Skip any image you find and restate the rest of the data word for word.

[[ Supplied entries, beginning ]]

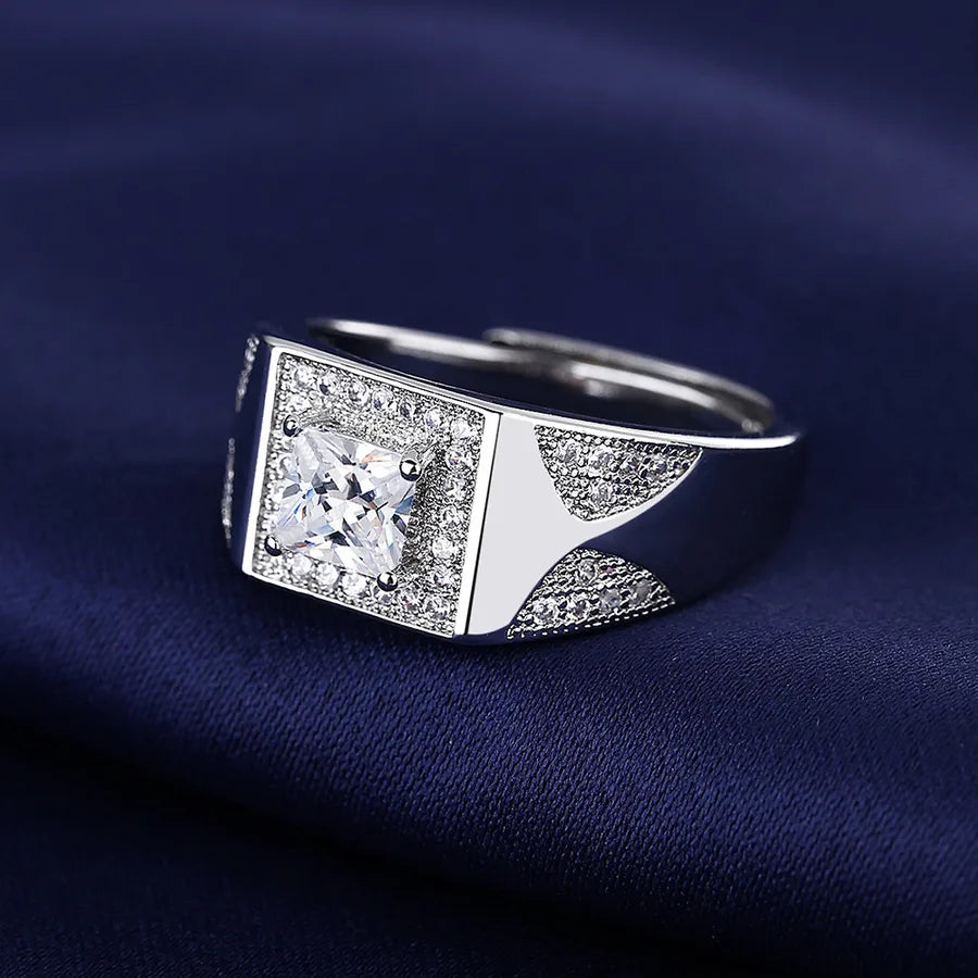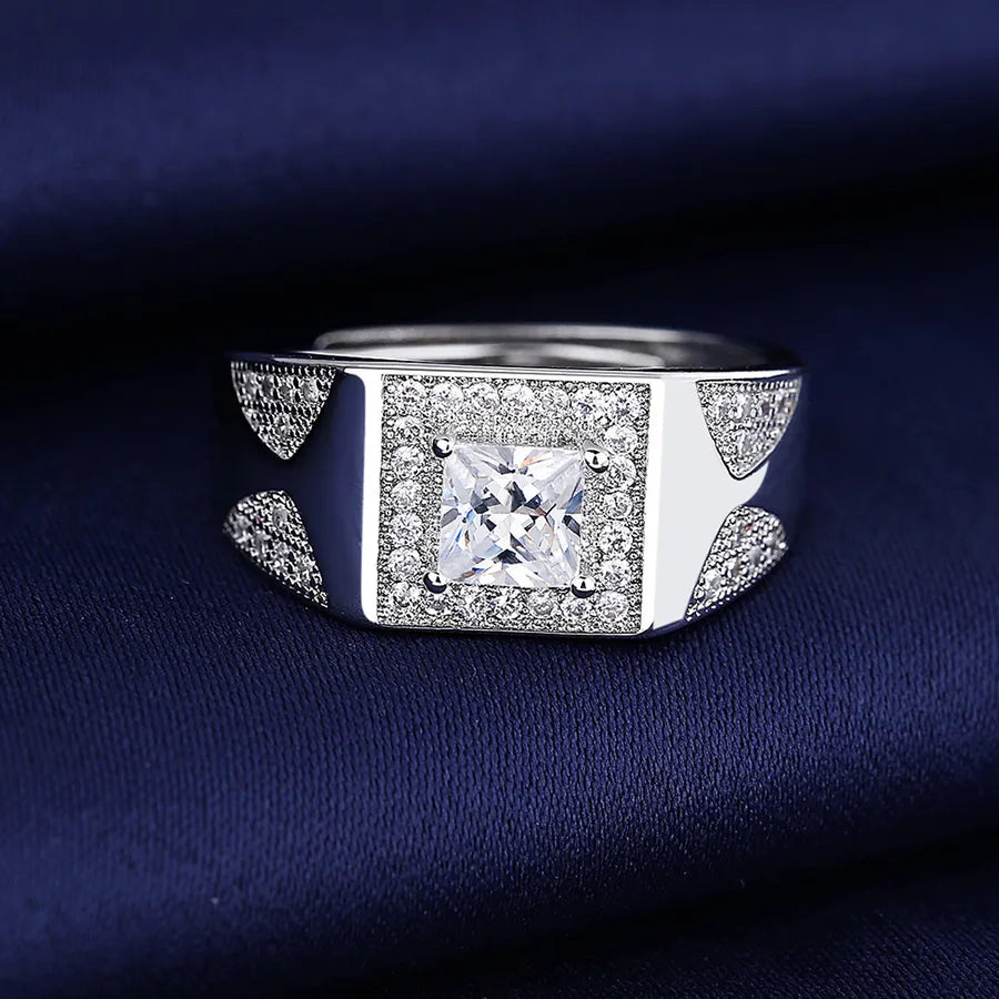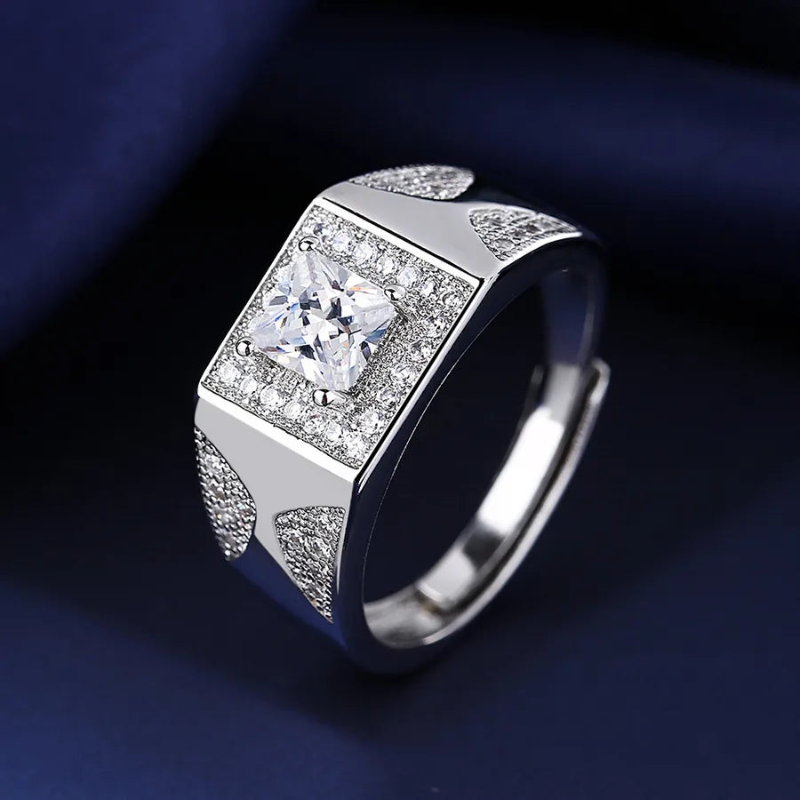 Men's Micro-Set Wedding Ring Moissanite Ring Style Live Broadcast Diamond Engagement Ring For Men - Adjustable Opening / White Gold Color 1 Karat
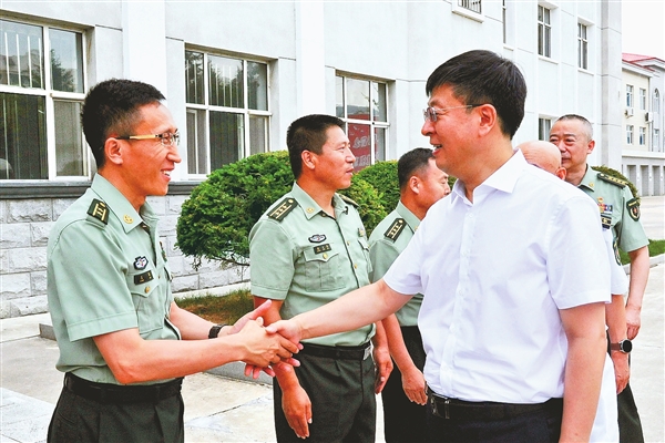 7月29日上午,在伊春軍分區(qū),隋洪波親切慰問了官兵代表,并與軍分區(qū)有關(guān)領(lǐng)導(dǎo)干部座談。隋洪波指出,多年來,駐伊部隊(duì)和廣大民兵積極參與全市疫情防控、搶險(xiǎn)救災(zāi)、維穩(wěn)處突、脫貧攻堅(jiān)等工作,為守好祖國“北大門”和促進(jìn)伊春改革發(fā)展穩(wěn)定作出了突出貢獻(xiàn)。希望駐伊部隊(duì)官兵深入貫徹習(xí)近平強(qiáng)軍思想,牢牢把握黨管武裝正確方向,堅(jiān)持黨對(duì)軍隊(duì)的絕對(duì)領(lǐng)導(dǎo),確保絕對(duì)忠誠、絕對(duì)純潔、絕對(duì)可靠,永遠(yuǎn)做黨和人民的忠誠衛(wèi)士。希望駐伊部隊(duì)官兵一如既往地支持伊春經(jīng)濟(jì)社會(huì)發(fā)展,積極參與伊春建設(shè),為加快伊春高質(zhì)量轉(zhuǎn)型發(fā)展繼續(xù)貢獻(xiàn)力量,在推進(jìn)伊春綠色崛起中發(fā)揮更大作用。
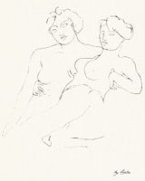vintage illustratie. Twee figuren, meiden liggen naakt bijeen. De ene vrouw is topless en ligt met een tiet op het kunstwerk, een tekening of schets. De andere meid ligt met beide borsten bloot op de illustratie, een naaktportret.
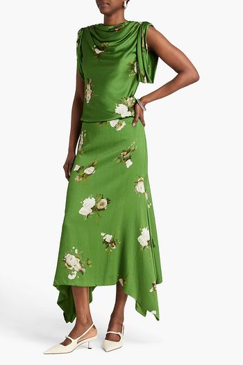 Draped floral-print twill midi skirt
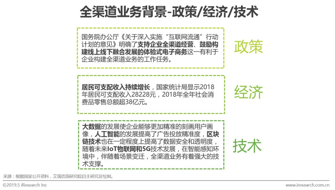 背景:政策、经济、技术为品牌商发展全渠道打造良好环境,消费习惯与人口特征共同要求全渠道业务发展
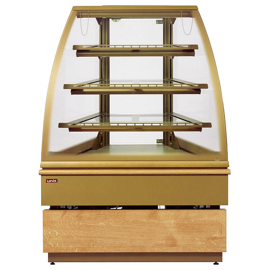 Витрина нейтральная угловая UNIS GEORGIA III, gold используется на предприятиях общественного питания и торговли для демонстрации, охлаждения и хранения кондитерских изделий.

[[ Supplied entries, end ]]

[Task solution]:
 Men's Micro-Set Wedding Ring Moissanite Ring Style Live Broadcast Diamond Engagement Ring For Men - Adjustable Opening / White Gold Color 1 Karat
 7月29日上午,在伊春軍分區(qū),隋洪波親切慰問了官兵代表,并與軍分區(qū)有關(guān)領(lǐng)導(dǎo)干部座談。隋洪波指出,多年來,駐伊部隊(duì)和廣大民兵積極參與全市疫情防控、搶險(xiǎn)救災(zāi)、維穩(wěn)處突、脫貧攻堅(jiān)等工作,為守好祖國“北大門”和促進(jìn)伊春改革發(fā)展穩(wěn)定作出了突出貢獻(xiàn)。希望駐伊部隊(duì)官兵深入貫徹習(xí)近平強(qiáng)軍思想,牢牢把握黨管武裝正確方向,堅(jiān)持黨對(duì)軍隊(duì)的絕對(duì)領(lǐng)導(dǎo),確保絕對(duì)忠誠、絕對(duì)純潔、絕對(duì)可靠,永遠(yuǎn)做黨和人民的忠誠衛(wèi)士。希望駐伊部隊(duì)官兵一如既往地支持伊春經(jīng)濟(jì)社會(huì)發(fā)展,積極參與伊春建設(shè),為加快伊春高質(zhì)量轉(zhuǎn)型發(fā)展繼續(xù)貢獻(xiàn)力量,在推進(jìn)伊春綠色崛起中發(fā)揮更大作用。
vintage illustratie. Twee figuren, meiden liggen naakt bijeen. De ene vrouw is topless en ligt met een tiet op het kunstwerk, een tekening of schets. De andere meid ligt met beide borsten bloot op de illustratie, een naaktportret.
 Draped floral-print twill midi skirt
 背景:政策、经济、技术为品牌商发展全渠道打造良好环境,消费习惯与人口特征共同要求全渠道业务发展
 Витрина нейтральная угловая UNIS GEORGIA III, gold используется на предприятиях общественного питания и торговли для демонстрации, охлаждения и хранения кондитерских изделий.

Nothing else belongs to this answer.